Exercise details » Could you restate word for word only the lines below from the one holding "Ungvár, Uzshorod, Uzhorod;" to the one holding "Z8H单机重量达到了47.9", inclusive, and leave out the pictures?
*** Opening The input ***
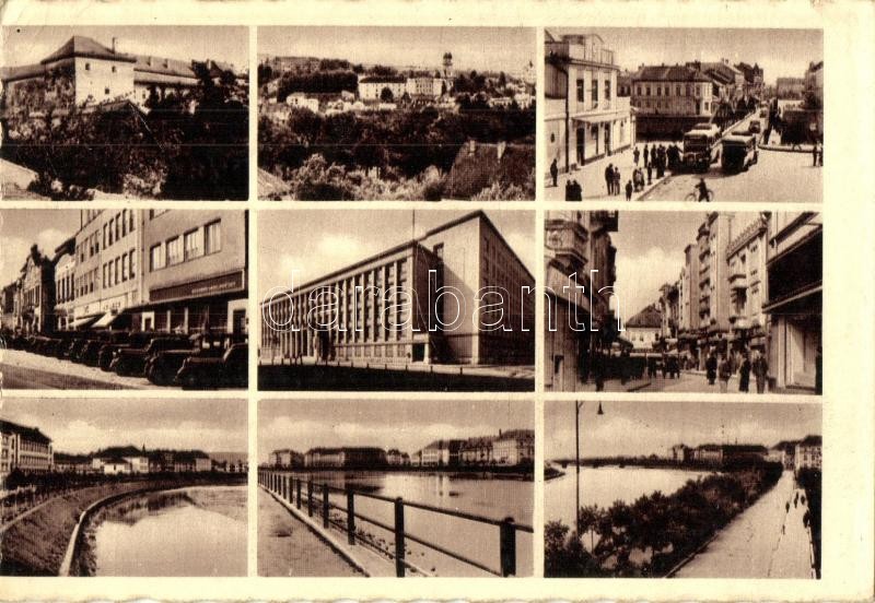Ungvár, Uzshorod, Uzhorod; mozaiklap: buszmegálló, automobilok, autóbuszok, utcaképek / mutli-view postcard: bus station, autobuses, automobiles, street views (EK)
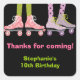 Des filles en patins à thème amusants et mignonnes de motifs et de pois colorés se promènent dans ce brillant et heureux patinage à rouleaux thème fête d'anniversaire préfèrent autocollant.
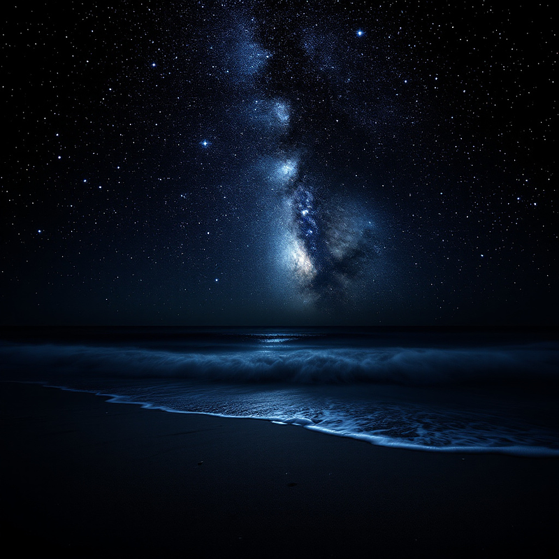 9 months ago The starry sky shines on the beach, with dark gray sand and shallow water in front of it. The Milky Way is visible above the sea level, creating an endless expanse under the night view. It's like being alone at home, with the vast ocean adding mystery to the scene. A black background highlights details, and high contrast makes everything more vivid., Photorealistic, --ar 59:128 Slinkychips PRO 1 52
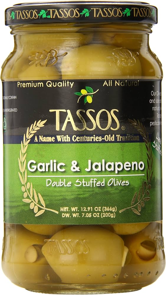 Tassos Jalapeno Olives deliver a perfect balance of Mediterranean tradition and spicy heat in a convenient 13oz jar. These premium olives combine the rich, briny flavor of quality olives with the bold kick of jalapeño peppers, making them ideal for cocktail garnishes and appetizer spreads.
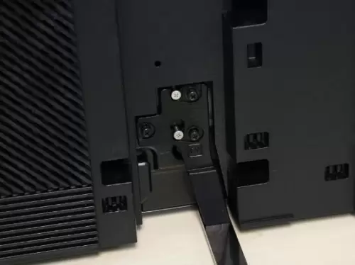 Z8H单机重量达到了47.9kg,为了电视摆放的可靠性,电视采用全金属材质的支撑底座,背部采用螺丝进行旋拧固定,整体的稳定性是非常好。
*** Closing The input ***
*** Opening The input ***
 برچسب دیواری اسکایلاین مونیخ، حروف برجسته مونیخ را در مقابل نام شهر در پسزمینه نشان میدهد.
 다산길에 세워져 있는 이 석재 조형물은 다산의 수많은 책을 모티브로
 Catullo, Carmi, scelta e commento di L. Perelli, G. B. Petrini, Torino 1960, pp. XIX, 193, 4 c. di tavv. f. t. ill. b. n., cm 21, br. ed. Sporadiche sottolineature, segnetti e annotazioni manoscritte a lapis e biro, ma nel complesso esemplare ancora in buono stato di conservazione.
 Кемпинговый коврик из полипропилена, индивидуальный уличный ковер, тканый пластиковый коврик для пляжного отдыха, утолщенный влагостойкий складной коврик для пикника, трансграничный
*** Closing The input ***
*** Opening The input ***
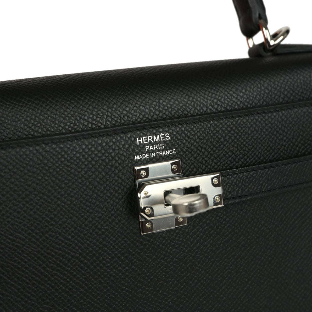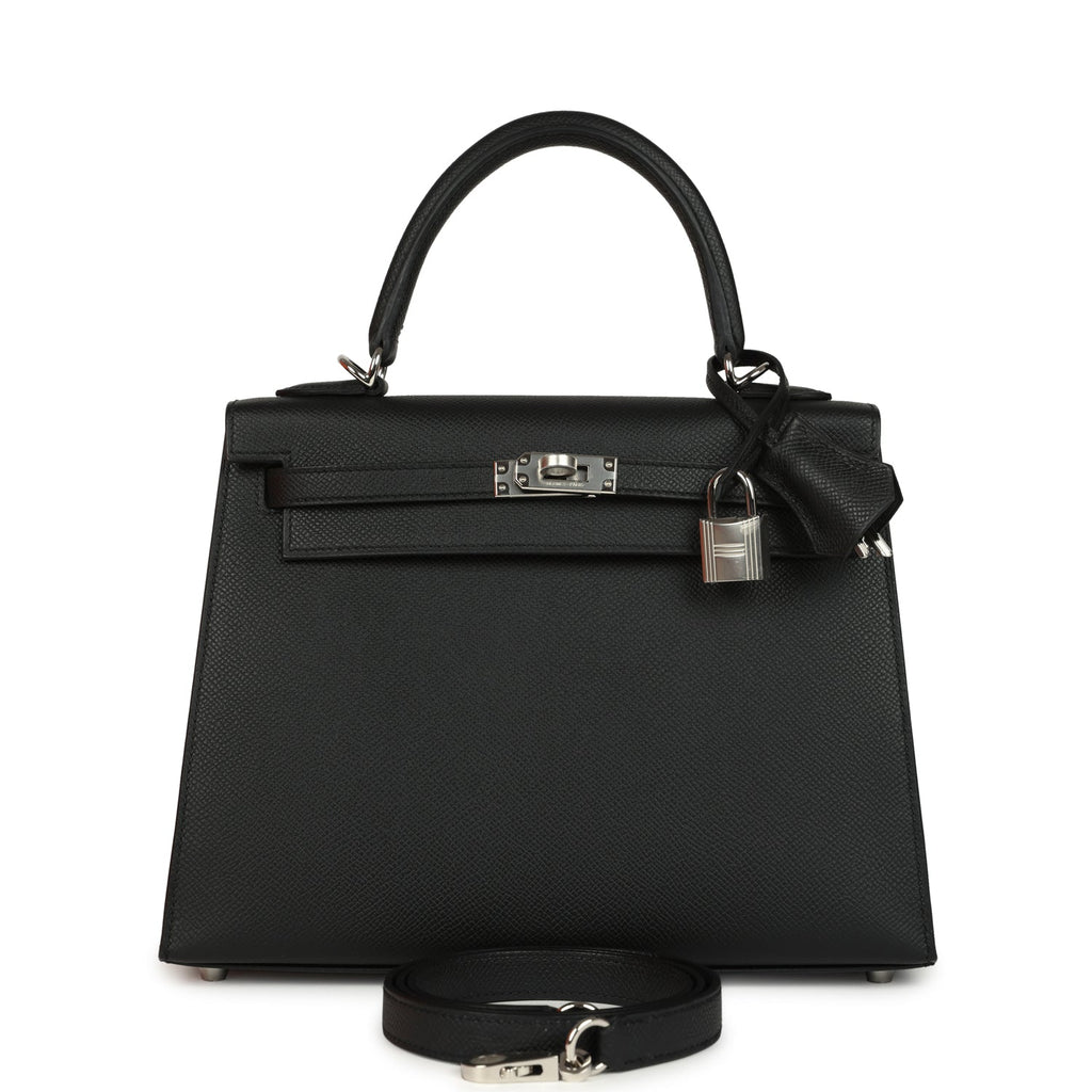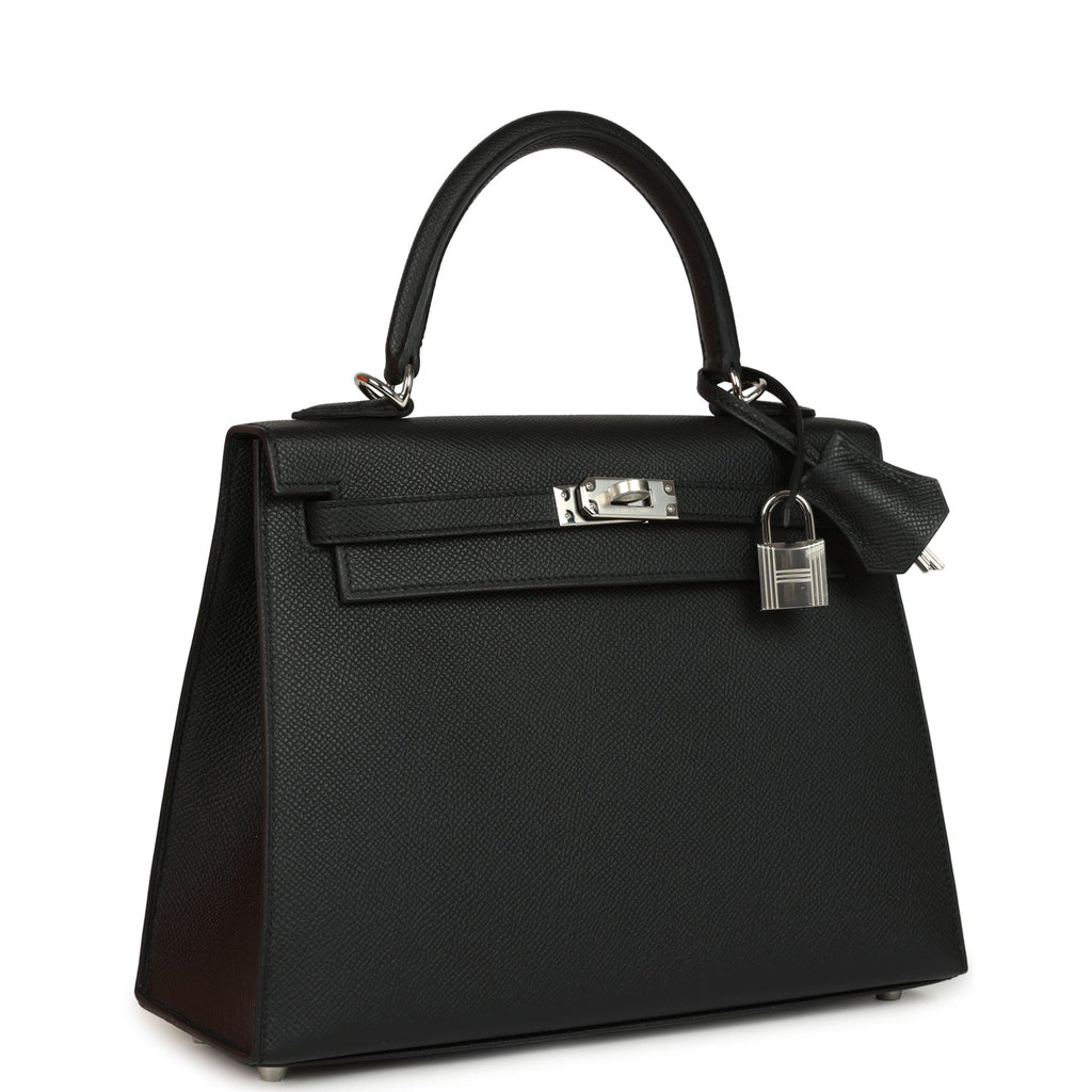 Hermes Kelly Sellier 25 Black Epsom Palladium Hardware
*** Closing The input ***
Your response »
Ungvár, Uzshorod, Uzhorod; mozaiklap: buszmegálló, automobilok, autóbuszok, utcaképek / mutli-view postcard: bus station, autobuses, automobiles, street views (EK)
 Des filles en patins à thème amusants et mignonnes de motifs et de pois colorés se promènent dans ce brillant et heureux patinage à rouleaux thème fête d'anniversaire préfèrent autocollant.
 9 months ago The starry sky shines on the beach, with dark gray sand and shallow water in front of it. The Milky Way is visible above the sea level, creating an endless expanse under the night view. It's like being alone at home, with the vast ocean adding mystery to the scene. A black background highlights details, and high contrast makes everything more vivid., Photorealistic, --ar 59:128 Slinkychips PRO 1 52
 Tassos Jalapeno Olives deliver a perfect balance of Mediterranean tradition and spicy heat in a convenient 13oz jar. These premium olives combine the rich, briny flavor of quality olives with the bold kick of jalapeño peppers, making them ideal for cocktail garnishes and appetizer spreads.
 Z8H单机重量达到了47.9kg,为了电视摆放的可靠性,电视采用全金属材质的支撑底座,背部采用螺丝进行旋拧固定,整体的稳定性是非常好。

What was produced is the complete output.